Create or delete a real-time materialized view

  • Execute the following CREATE INCREMENTAL MATERIALIZED VIEW statement to create a real-time materialized view named mv:

    CREATE INCREMENTAL MATERIALIZED VIEW mv AS SELECT * FROM base WHERE id > 40;
  • Execute the following DROP MATERIALIZED VIEW statement to delete the mv materialized view:

    DROP MATERIALIZED VIEW mv;

Examples

  1. Create a base table.

    CREATE TABLE test (a int, b int) DISTRIBUTED BY (a);
  2. Create a real-time materialized view.

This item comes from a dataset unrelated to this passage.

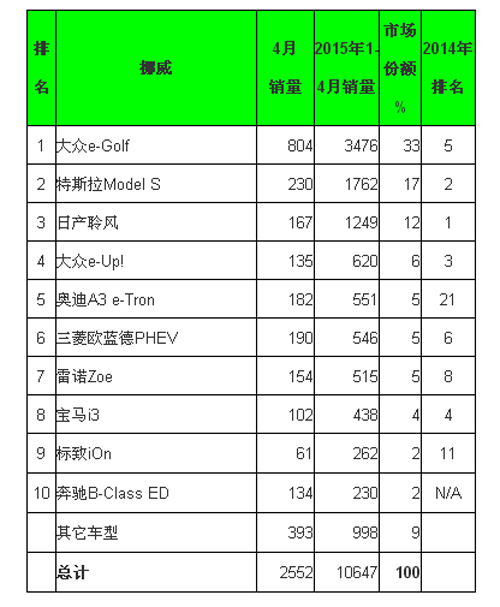 4月,挪威也有新车入市,大众高尔夫GTE终于登陆挪威,以144辆的成绩夺取第七名,未来,这款车有望引领插电式混合动力市场,就像它的大哥e-Golf一定统领纯电动车型。奥迪A3 e-Tron和欧蓝德PHEV将遭遇强劲对手。

    CREATE INCREMENTAL MATERIALIZED VIEW mv AS SELECT * FROM TEST WHERE b > 40 DISTRIBUTED BY (a);
  3. Insert data into the base table.

    INSERT INTO test VALUES (1, 30), (2, 40), (3, 50), (4, 60);
  4. View data in the base table.

    SELECT * FROM test;

    Sample result:

     a | b
    ---+----
     1 | 30
     2 | 40
     3 | 50
     4 | 60
    (4 rows)
  5. View data in the materialized view.

    SELECT * FROM mv;

    The materialized view is updated. Sample result:

     a | b
    ---+----
     3 | 50
     4 | 60
    (2 rows)